Free Love

Friday, January 27, 2012

I don't have a dedicated work space.  Well, I sorta do.  It's my own little corner of the toy/exercise room.  I have a space, but there is no clear bounadry and there is no door.  When I am working, I am just right there in the middle of everything. The mom.........trying to work...........right in the middle of everything. 

I LOVE being the mom.  LOVE.  I LOVE being the one to meet the needs of all the members of my family.  It's a high calling, a privilege, my first priority, and the most important thing I do....
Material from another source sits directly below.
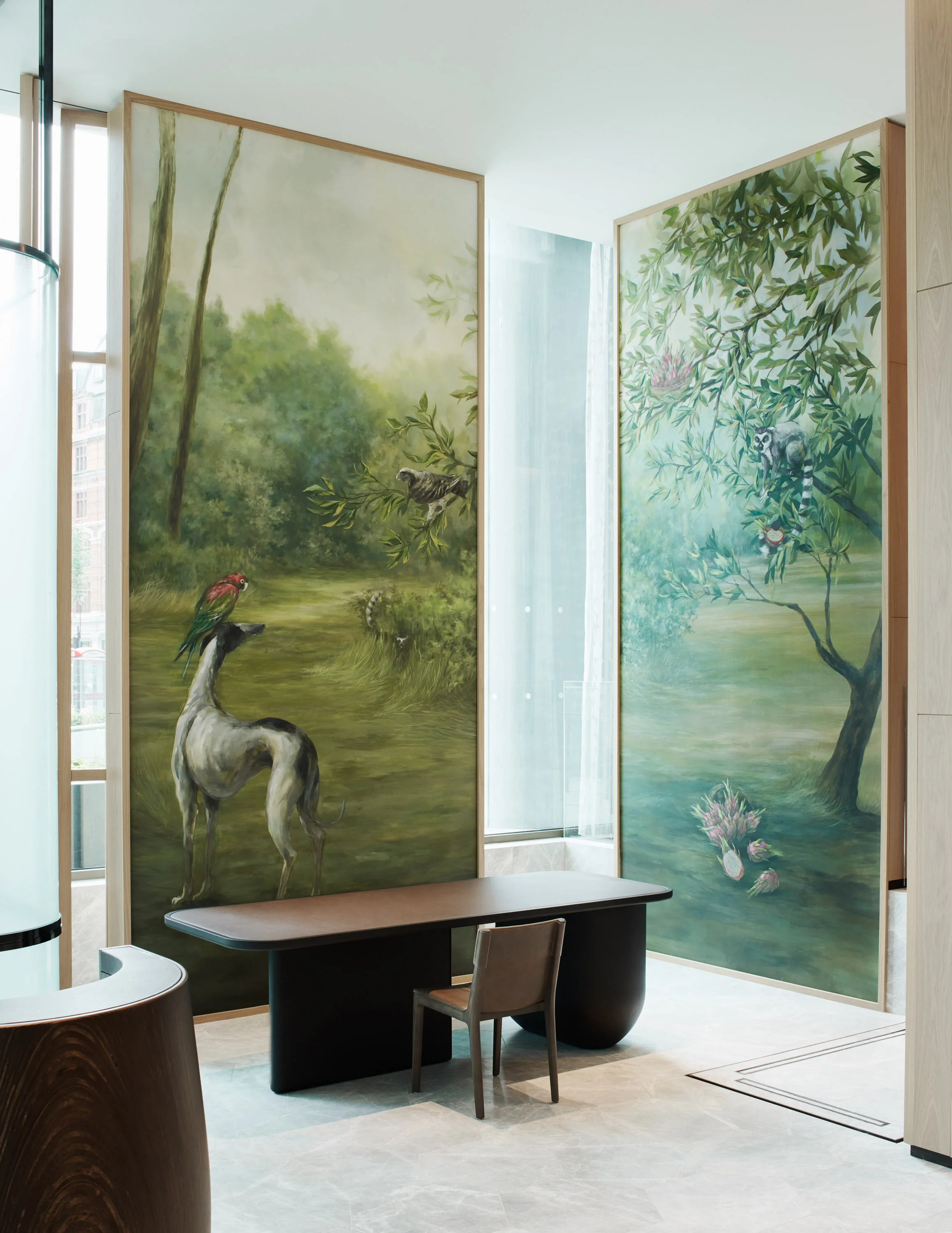 In their signature whimsy, the multidisciplinary atelier adds a visual narrative to the ultramodern interiors at the Pan Pacific that pays homage to national cultural icons William Shakespeare, J.M.W. Turner and Sir Joshua Reynolds. The hotel’s majestic reception welcomes guests to an enchanted setting beautifully rendered in a large-scale mural featuring a greyhound and a parrot engaged in a philosophical conversation with other animals.

Having said that, I will be honest.
Sometimes, the frustration mounts.

More times than not,  just as I sit down to design something new or answer emails,  I am needed.  I'm the mom & wife,  and I am needed.  So, before I know it, the day has gone by and my little business has been neglected. I very rarely accomplish what I had set out to do where my business is concerned.
Some may say this is a lack of dedication, setting up boundaries, or planning.  I say that it's just what it is to be the mom in a household of 5.

Just recently I was in the middle of writing an email that was giving me fits. One of those emails where you need to call upon all your mental faculties to make sure that it is worded just so. Yeah, one of those.
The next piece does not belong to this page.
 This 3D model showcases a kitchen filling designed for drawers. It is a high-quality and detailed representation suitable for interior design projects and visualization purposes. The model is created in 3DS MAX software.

I was in the middle of writing this  email and my son came to me.  The son who loves LOVE. Hugs, kisses, and words of affirmation.  LOVE.

The son who has been quoted on numerous occasions as saying, "I can't get enough of your love," to me.

He came to me just for a little love

But, my frustration came through as I was trying to write this email and he thrust his ten year old self upon me {and my laptop.}  He immediately noticed my frustration and apologized. Then, he thought for a minute.

"You need a sign,"  He told me, "A sign that says when you are working, or available."

I asked him if he could make one for me. When he asked me what I wanted to to say, I simply told him that I wanted him to decide what it should say.

Here's what he came up with:

Side One

My heart melted when I saw what he had written on the reverse side.

The Flip Side

Free Love.
It is just so him. And so perfect. And SO how I want my kids to think of me.
Except, I really don't want there to be a flip side. I don't want there to be a "do not disturb" side.................

You may wonder how the sign is working.

 It's working beautifully, actually.

 But, not in the way my son intended it.  Because now, when he comes and loiters outside of my workspace to check which side the sign is on,{ and then double checking with me to see if I have remembered to flip it & that I mean for it to be on the side that it is actually on :D} I can't resist him. 

Without frustration, with joy and thankfulness, I tell him that I am NEVER too busy for love.

God used my son to remind me {once again} of the job far more important than building a brand.
There are three  young hearts and minds that need nurturing.



The rest can wait.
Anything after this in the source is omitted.